■ **Exercise prompt**: Once you find the line containing "Лампа светодиодная ERAW45-E27", set down exactly that line and every one after it through the end of the listing below, with both ends included and any pictures omitted.
::::
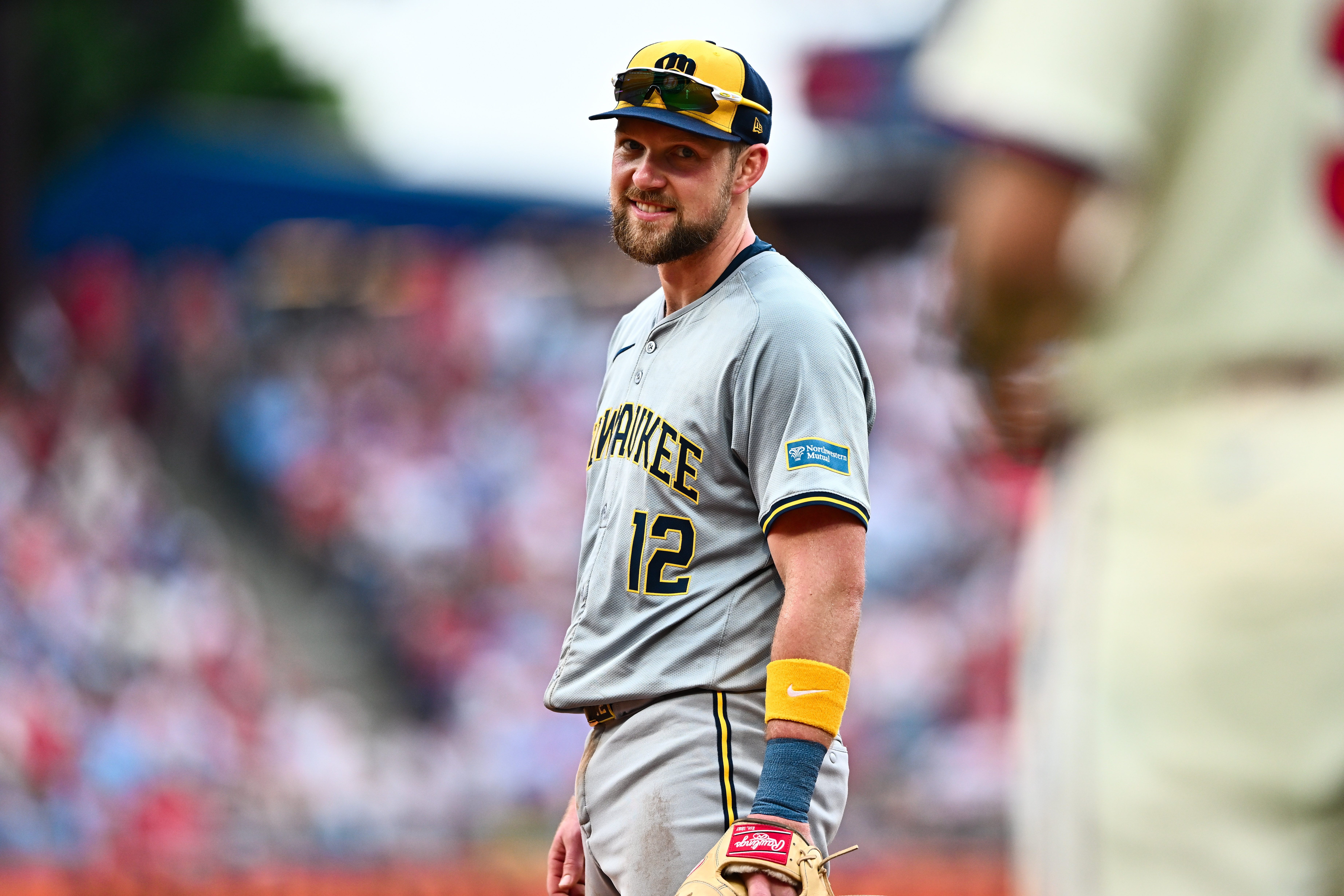 Rhys Hoskins of the Philadelphia Phillies, a right-handed hitter, will face off against left-handed pitcher Andrew Heaney at American Family Field.
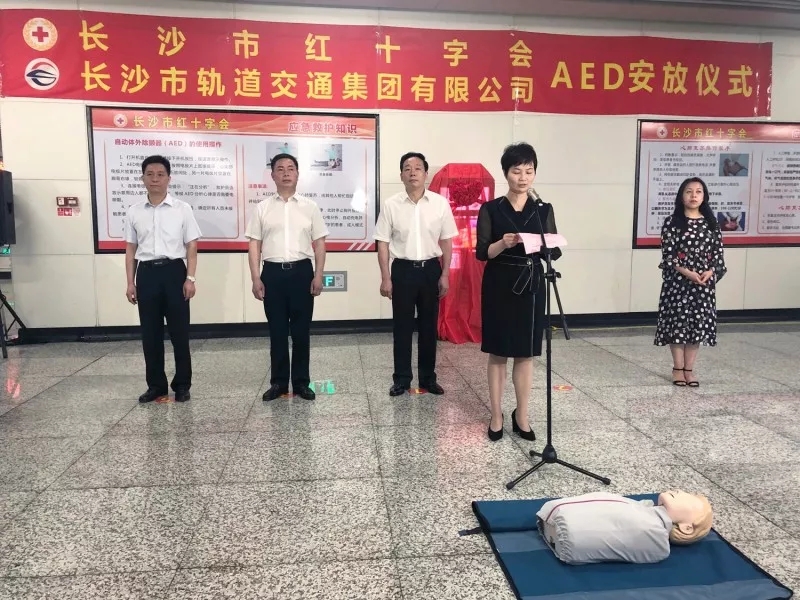 作为广大市民朋友信赖的出行伙伴,为乘客提供全方位的安全出行保障始终是长沙地铁工作目标。为进一步健全医疗急救体系、提升应急救援能力,尽可能帮助突发紧急状况的地铁乘客得到及时有效处置,5月9日上午,长沙地铁与市红十字会联手在五一广场站举行了“红十字博爱周”主题系列宣传活动暨AED(自动体外除颤器)安放仪式。这是长沙地铁今年以来,继联合中南大学湘雅护理学院开展2000余名站务人员急救知识培训后的又一重大安全保障举措。
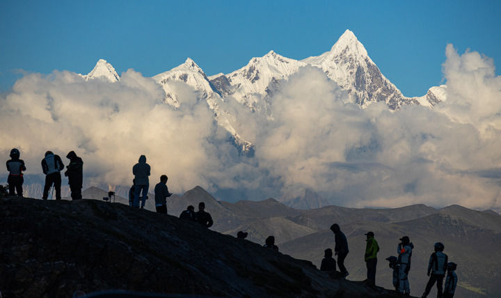 游客在色季拉山口的川藏公路边观赏南迦巴瓦峰风光。
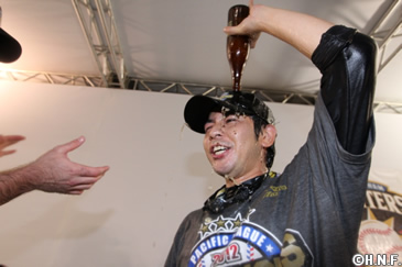 2012年リーグ優勝で自らビールを浴びる
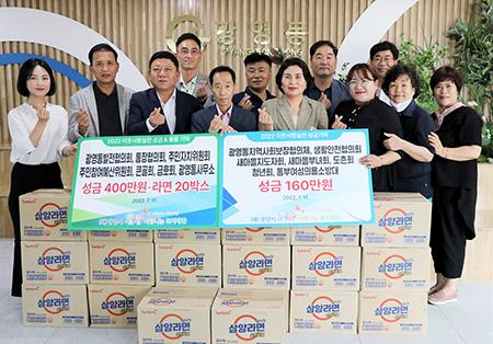 광영동 14개 사회단체는 지난달 3일 아파트 화재로 주거지가 전소되는 피해를 입은 주민을 위로하기 위해 현금 400만 원과 라면 20박스(50만 원 상당)를 후원했으며, 광영동사무소 희망 나눔 냉장고 운영을 돕기 위해 160만 원을 지원했다.
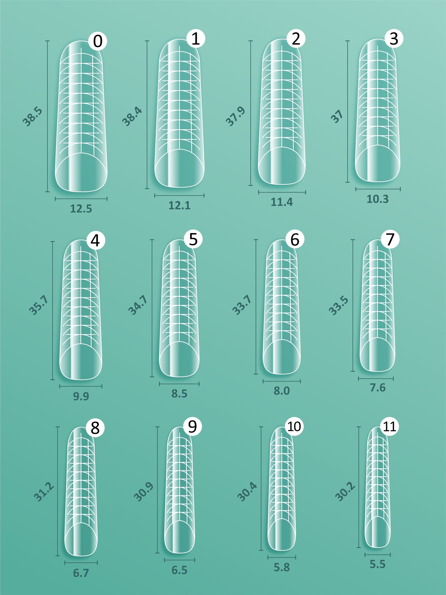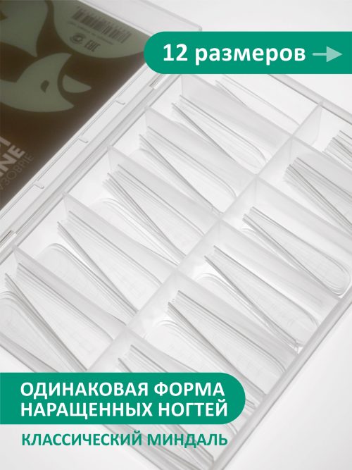 Верхние формы отлично садятся на ноготь (комплект включает в себя 12 размеров), обеспечивают оптимальную толщину наращенного свободного края.
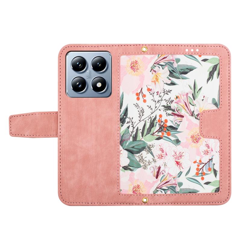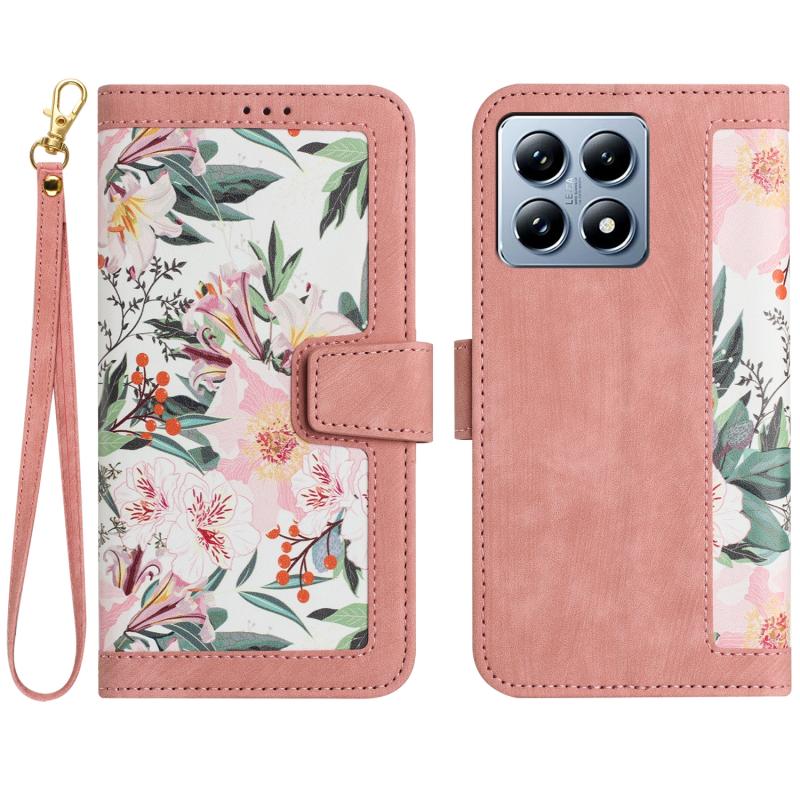 For Xiaomi 14T Floral Pattern Leather Phone Case with Lanyard(Pink)
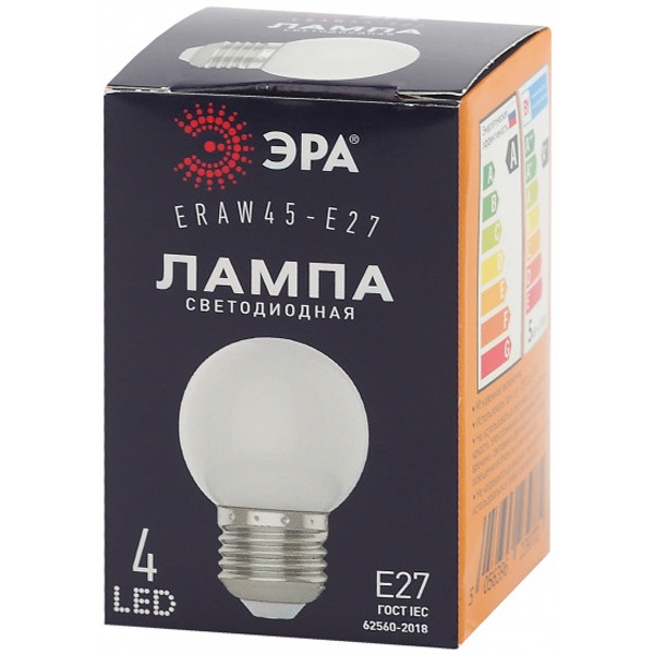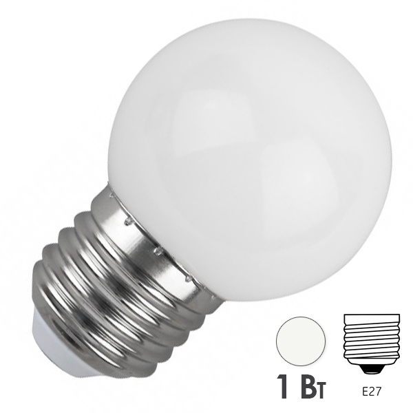 Лампа светодиодная ERAW45-E27 P45 1Вт шар бел. E27 4SMD для белт-лайт ЭРА Б0049577
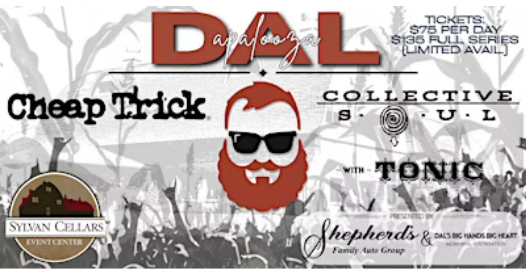Kicking off the all-rock night of Dalapalooza summer music festival is grammy nominated and multi-platinum selling group Tonic, billboard music award winner Collective Soul will take the stage next, and then the big show begins! Headliners, Cheap Trick were inducted into the Rock and Roll Hall of fame in 2016 and have received 40 gold and platinum awards, numerous Classic Rock awards, and were recognized by VH1 as one of the 100 Greatest Artists of Hard Rock.
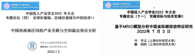 2022年7月1日至3日,必赢626net入口首页国民经济学专业硕士研究生戴冰如、徐闪闪在叶作义老师的带领下参加了“中国投入产出学会第十二届年会暨学术研讨会”,并分别作题为《中国西南地区间的产业关联不空间溢出效应分析》和《基于MRIO模型的中国省际碳排放特征研究》的分会场报告。通过参与本次大会,增进了必赢626net入口首页师生与国内外顶尖学者的沟通交流,拓宽了与会同学的科研思路和视野,加强了其专业素养并看到了与学界一流水平之间的差距,大家均表示收获颇丰。
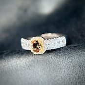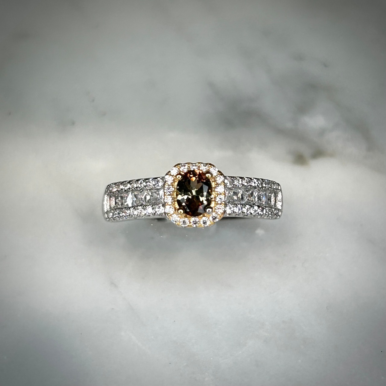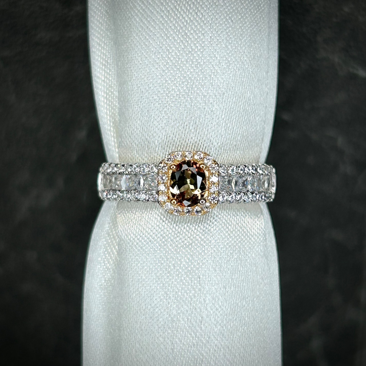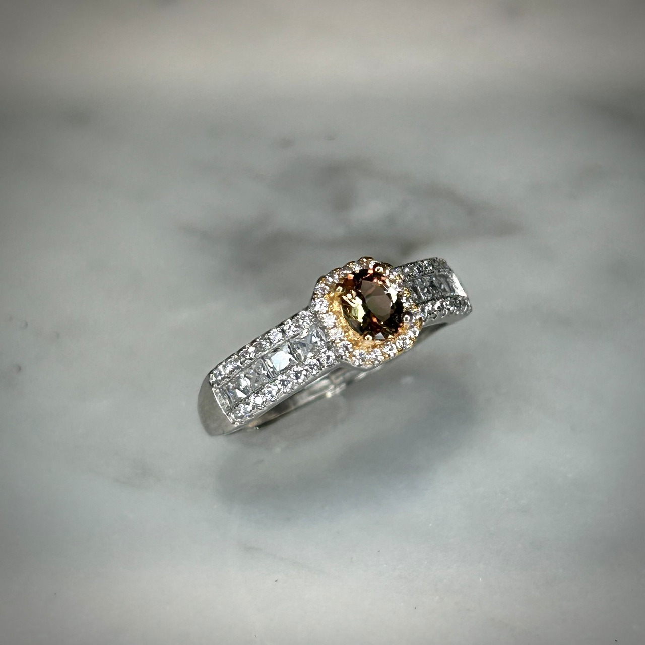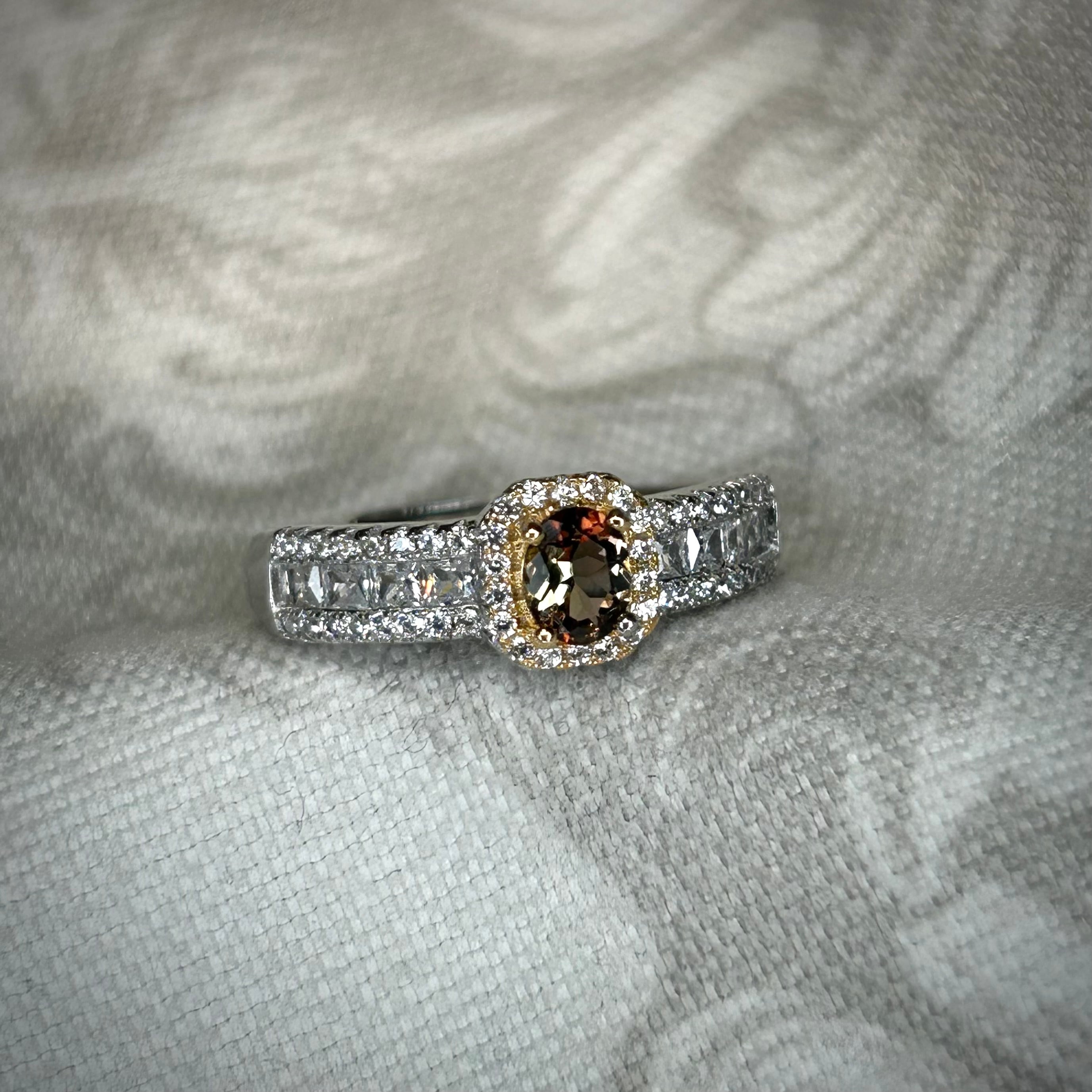 煌めく脇石の存在感にも負けない、美しいアンダリュサイトが楽しめる華やかなリングです。
::::
■ **Answer section**:
 Лампа светодиодная ERAW45-E27 P45 1Вт шар бел. E27 4SMD для белт-лайт ЭРА Б0049577
Kicking off the all-rock night of Dalapalooza summer music festival is grammy nominated and multi-platinum selling group Tonic, billboard music award winner Collective Soul will take the stage next, and then the big show begins! Headliners, Cheap Trick were inducted into the Rock and Roll Hall of fame in 2016 and have received 40 gold and platinum awards, numerous Classic Rock awards, and were recognized by VH1 as one of the 100 Greatest Artists of Hard Rock.
 2022年7月1日至3日,必赢626net入口首页国民经济学专业硕士研究生戴冰如、徐闪闪在叶作义老师的带领下参加了“中国投入产出学会第十二届年会暨学术研讨会”,并分别作题为《中国西南地区间的产业关联不空间溢出效应分析》和《基于MRIO模型的中国省际碳排放特征研究》的分会场报告。通过参与本次大会,增进了必赢626net入口首页师生与国内外顶尖学者的沟通交流,拓宽了与会同学的科研思路和视野,加强了其专业素养并看到了与学界一流水平之间的差距,大家均表示收获颇丰。
 煌めく脇石の存在感にも負けない、美しいアンダリュサイトが楽しめる華やかなリングです。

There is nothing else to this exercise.